One Thousand and One Nights by Tracy Fuad
Poetry
One Thousand and One Nights
by Tracy Fuad

“When did I begin to have preferences // And when did what I tended to draw nearer to begin to blur”
One Thousand and One Nights
by Tracy Fuad
I dreamt of this, yes, of a city in weather
Another place where I am indecipherable
A pen with loose ink in my hand
When did I begin to have preferences
And when did what I tended to draw nearer to begin to blur
In the time since the internet was released for use beyond the US military
A crystallizing sense of self
Even as a new ease pervades the city, the horror of the painted vine atop the medical complex
Tho the muted one
And from a balcony, a baby
And the small sound a person’s body makes in the moment just before they speak
The sea, consisting of meter
Tho my inability, when asked to explain what I mean by tone
As many nights as I have opened, I have closed
Sometimes the premise really is too much to bear
I’ve come to think that I prefer my hair unbrushed
Tho I bought one at the market after learning more of others’ habits
Here, a man opens a beer with a beer while holding his phone to his ear with his shoulder while walking, every object and body in use
Already, spent leaves drift on the poured cement sidewalk, fungally spotted
This unuprootable habit of ending with or, a softening at the end of every sentence
Or every sentence made exchangeable
Once, I had a lover who described the careful early touches as belonging to epistemology
A flat palm and investigative mode, which both excited and repulsed me
Here, infants in tights and fitted bonnets wander the streets like serfs gone small with age
At this fungible café
I feel myself a reptile
My little face reflected in between the endless stream of images which aim to hook me
How few words I manage to extrude.
~
Now the cherry blossoms wilt.
Now the chestnut blooms are wilting.
Now the azaleas are wilting.
Is that corn, Ali asks of grass which grows long on the street between us, and I break into cartoonish imitation of my native language.
~
Tho my mother’s mother’s remains remain at the morgue
Tho her death was in the summer, and again it’s summer
Once, I was moved to great emotion by the last hours of a market on the last day of the year
Then everything else happened
Today I wear a dress and trot alone at home, unsure of whether to go out
Tho everyone is out
The trees, I see, are thirsty, and I’d water them, but tonight there will be rain
I pant in hot excitement
I always say that I will stop this but I do not, leading me to ask who it is commanding me
Or, how many of me are there?
The smoke that I inhale clogs me, I can feel the clogging in the place from which speech starts
I take a lemon half to cure me
I fear I
Tho I’ve finally taken up art
I produce faint paintings and hang them before my tolerant partner, the jade
Furious rain in the wings
Against the hacking of the weed whacker, the neighbor over me sings classically
Sometimes I emit an aria unconsciously and sometimes, from above, she echoes me
Though I’ve never met her
Though the other neighbor, housebound, rings us daily, and I go to pick up dark bread for her
Again and again, I become hole
How many words can you spell with seven letters?

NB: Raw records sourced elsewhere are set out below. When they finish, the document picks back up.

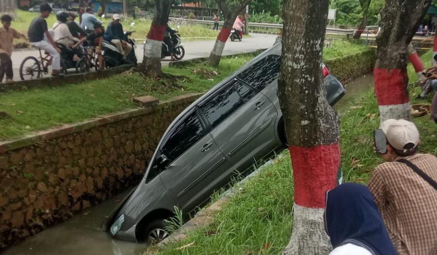 “Saya lagi duduk, tiba-tiba dengar suara kencang. Pas saya lari, ternyata mobilnya sudah masuk ke kali,” ujar Rinin di lokasi.
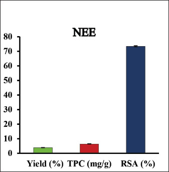 Fig. 1. Three trials were conducted to measure the yield (%), total phenolic content (%), and radical scavenging activity (%) of an ethanolic extract of dry, powdered Nigella sativa roots.
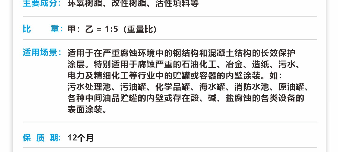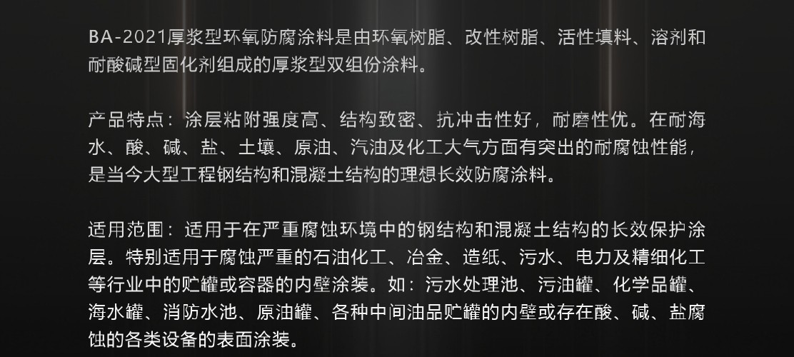 彩天化工 | 厚漿型環(huán)氧防腐涂料是由環(huán)氧樹(shù)脂、改性樹(shù)脂、活性填料、溶劑和耐酸堿型固化劑組成的厚漿型雙組份涂料。 產(chǎn)品特點(diǎn):涂層粘附強(qiáng)度高、結(jié)構(gòu)致密、抗沖擊性好,耐磨性優(yōu)。在耐海水、酸、堿、鹽、土壤、原油、汽油及化工大氣方面有突出的耐腐蝕性能,是當(dāng)今大型工程鋼結(jié)構(gòu)和混凝土結(jié)構(gòu)的理想長(zhǎng)效防腐涂料。 適用范圍:適用于在嚴(yán)重腐蝕環(huán)境中的鋼結(jié)構(gòu)和混凝土結(jié)構(gòu)的長(zhǎng)效保護(hù)涂層。特別適用于腐蝕嚴(yán)重的石油化工、冶金、造紙、污水、電力及精細(xì)化工等行業(yè)中的貯罐或容器的內(nèi)壁涂裝。如:污水處理池、污油罐、化學(xué)品罐、海水罐、消防水池、原油罐、各種中間油品貯罐的內(nèi)壁或存在酸、堿、鹽腐蝕的各類設(shè)備的表面涂裝。
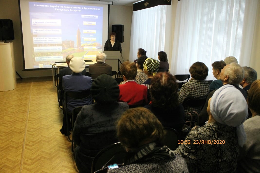 В читальном зале Арской районной библиотеки прошло очередное занятие школы правовых знаний при Университете третьего возраста. Занятие прошло с председателями совета ветеранов и пенсионерами. В нем приняли участие председатель совета ветеранов района Наиль Габдрахманов, председатель местного отделения союза пенсионеров Сания Камалетдинова, начальник отдела по работе с налогоплательщиками МРИ ФНС №5 Мунир Шайдуллин, директор республиканского центра материальной помощи Лилия Залялиева, главный специалист филиала №8 фонда соцстрахования Ильмира Гафурова, а также заместитель руководителя клиентской службы ПФР(на правах отдела) в Арском районе Гульназ Ибатуллина.
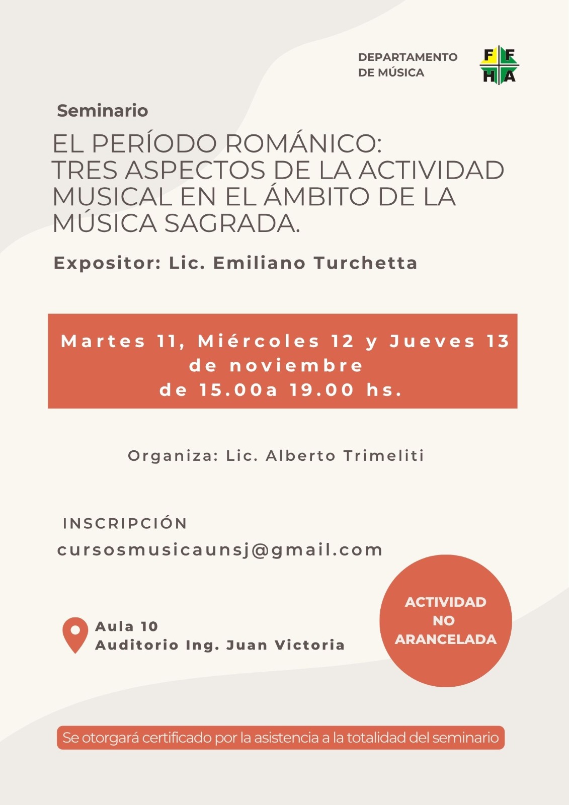Desde el Departamento de Música de la Facultad de Filosofía, Humanidades y Artes de la Universidad Nacional de San Juan, se dictará el Seminario: “El Período Románico: tres aspectos de la actividad musical en el ámbito de la Música Sagrada” a cargo del Lic. Emiliano Turchetta, quien es profesor titular de la Cátedra de Historia de la Música Argentina (UNA-DAMUS) “Carlos López Buchardo” y profesor titular de la Cátedra Seminario de Apreciación Musical- Seminario Mayor “San José” de la Plata.

I cradle my handy, on average, 95 times in a day, press my special whorl to it to open
Sesame
Open, Sesame
That old phrase a French Antoine inserted into tales he pulled from Arabic and sold
A node of traveling stories on which, as it crossed the continents, new layers accrued
Sesame, meaning fatty seed, from Akkadian šamaššamu
A crop grown at the margins where the other crops refused to grow
A seed that traveled fast as language
A seed that rang exotically to European ears
When I search the sesame seed I receive a local Keto store
Sesame, open yourself
Thou buff, tan or purple
Thou tubular flower, your four-lobed mouth
Wanton pod that bursts when ripe, resisting harvest, no wonder
I love you
The pod of me releasing my timed seeds in my very middle, familial gold around my neck
Sesame, open
Sesame, Sesame, close
ABOUT THE AUTHOR

about:blank, Tracy Fuad’s first book of poetry, won the Donald Hall Prize and was published in October by University of Pittsburgh Press. She is also the author of two chapbooks: PITH (Newfound, 2020) and DAD DAD DAD DAD DAD DAD DAD (TxtBooks, 2019). A graduate of the Rutgers-Newark MFA program, she is a 2021-22 Writing Fellow at the Provincetown Fine Arts Work Center, and lives in Berlin, where she teaches at the Berlin Writers’ Workshop.